Collected data >>

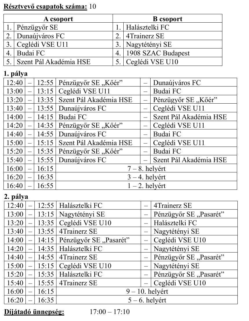10 csapat vesz részt a Kőér utcai Sporttelepen megrendezésre kerülő eseménynek.
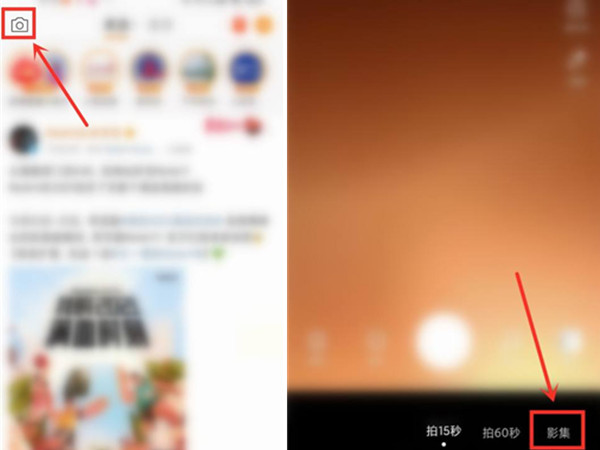 1、打开微博首页,点击左上角【相机】图标,点击底部【影集】。
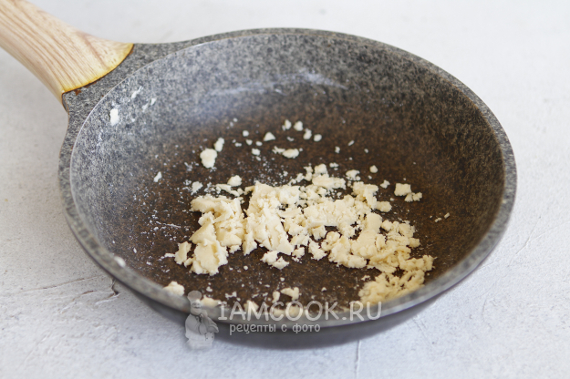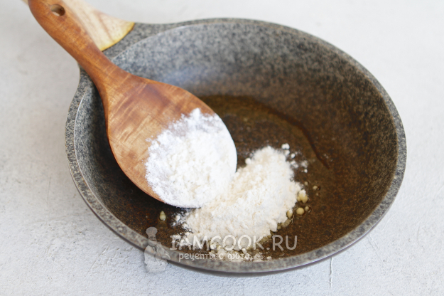 Разогреть сковороду с кусочком масла. Всыпать муку и на небольшом огне, регулярно помешивая, слегка ее обжарить.
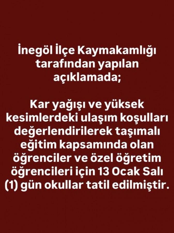 "Kar yağışı ve yüksek kesimlerdeki ulaşım koşulları değerlendirilerek, taşımalı eğitim kapsamında olan öğrenciler ve özel öğretim öğrencileri için 13 Ocak Salı günü (1 gün) okullar tatil edilmiştir."
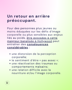 Pour des personnes plus jeunes ou moins éduquées sur les défis d’image corporelle ou plus sensibles aux enjeux liés au poids, être exposées à cette maigreur banalisée à Hollywood peut entraîner des conséquences considérables :
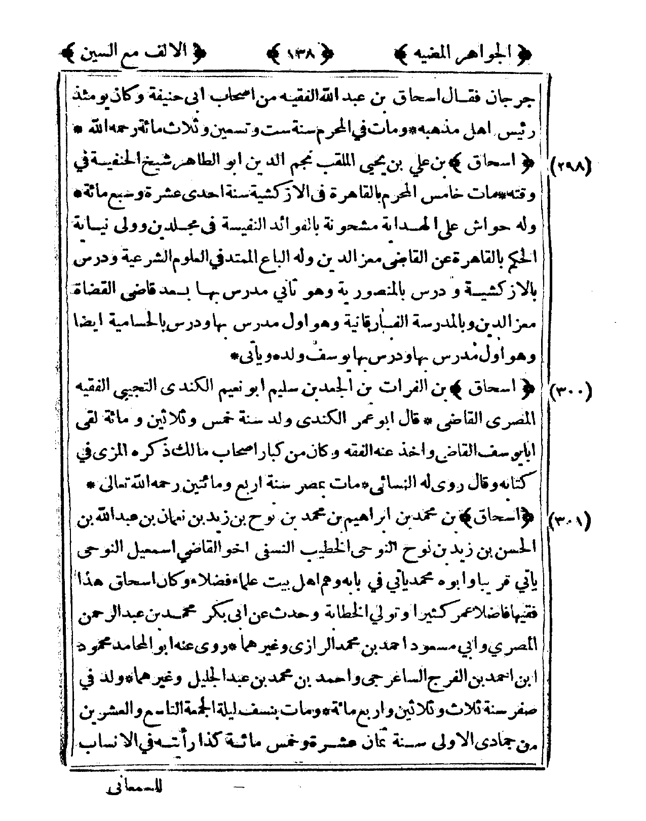 298 - إِسْحَاق بن عَليّ بن يحيى الملقب نجم الدّين أَبُو الطَّاهِر شيخ الْحَنَفِيَّة فى وقته مَاتَ خَامِس الْمحرم بِالْقَاهِرَةِ فى الأزكشية سنة إِحْدَى عشرَة وَسبع مائَة وَله حواش على الْهِدَايَة مشحونة بالفوائد النفيسة فى مجلدين وَولى نِيَابَة الحكم بِالْقَاهِرَةِ عَن القَاضِي معز الدّين وَله الباع الممتد فى الْعُلُوم الشَّرْعِيَّة ودرس بالأزكشية ودرس بالمنصورية وَهُوَ ثَانِي مدرس بهَا بِسَعْد قَاضِي الْقُضَاة مسر الدّين وبالمدرسة الفارقانية وَهُوَ أول مدرس بهَا ودرس بالحسامية أَيْضا وَهُوَ أول مدرس بهَا ودرس بهَا يُوسُف وَلَده وَيَأْتِي
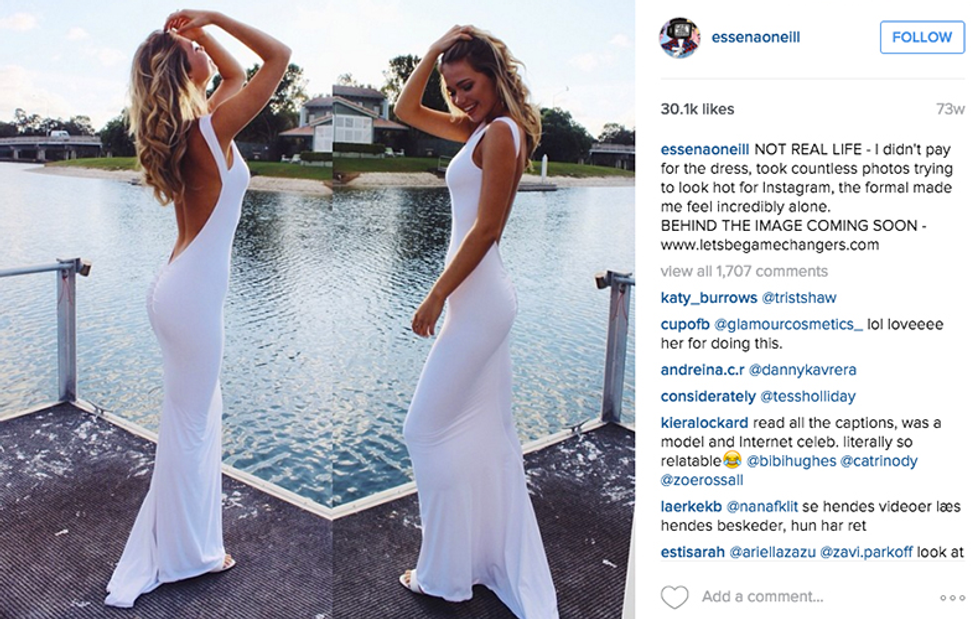 Before deleting her Instagram for good, Essena deleted some photos and left a few up. She edited the captions of the ones that she left up to reveal the truth of what was going on in each photo.

Your objective >> Could you reproduce every record above exactly, leaving out any pictures?

Answer for the task >>
10 csapat vesz részt a Kőér utcai Sporttelepen megrendezésre kerülő eseménynek.
 1、打开微博首页,点击左上角【相机】图标,点击底部【影集】。
 Разогреть сковороду с кусочком масла. Всыпать муку и на небольшом огне, регулярно помешивая, слегка ее обжарить.
 "Kar yağışı ve yüksek kesimlerdeki ulaşım koşulları değerlendirilerek, taşımalı eğitim kapsamında olan öğrenciler ve özel öğretim öğrencileri için 13 Ocak Salı günü (1 gün) okullar tatil edilmiştir."
 Pour des personnes plus jeunes ou moins éduquées sur les défis d’image corporelle ou plus sensibles aux enjeux liés au poids, être exposées à cette maigreur banalisée à Hollywood peut entraîner des conséquences considérables :
 298 - إِسْحَاق بن عَليّ بن يحيى الملقب نجم الدّين أَبُو الطَّاهِر شيخ الْحَنَفِيَّة فى وقته مَاتَ خَامِس الْمحرم بِالْقَاهِرَةِ فى الأزكشية سنة إِحْدَى عشرَة وَسبع مائَة وَله حواش على الْهِدَايَة مشحونة بالفوائد النفيسة فى مجلدين وَولى نِيَابَة الحكم بِالْقَاهِرَةِ عَن القَاضِي معز الدّين وَله الباع الممتد فى الْعُلُوم الشَّرْعِيَّة ودرس بالأزكشية ودرس بالمنصورية وَهُوَ ثَانِي مدرس بهَا بِسَعْد قَاضِي الْقُضَاة مسر الدّين وبالمدرسة الفارقانية وَهُوَ أول مدرس بهَا ودرس بالحسامية أَيْضا وَهُوَ أول مدرس بهَا ودرس بهَا يُوسُف وَلَده وَيَأْتِي
 Before deleting her Instagram for good, Essena deleted some photos and left a few up. She edited the captions of the ones that she left up to reveal the truth of what was going on in each photo.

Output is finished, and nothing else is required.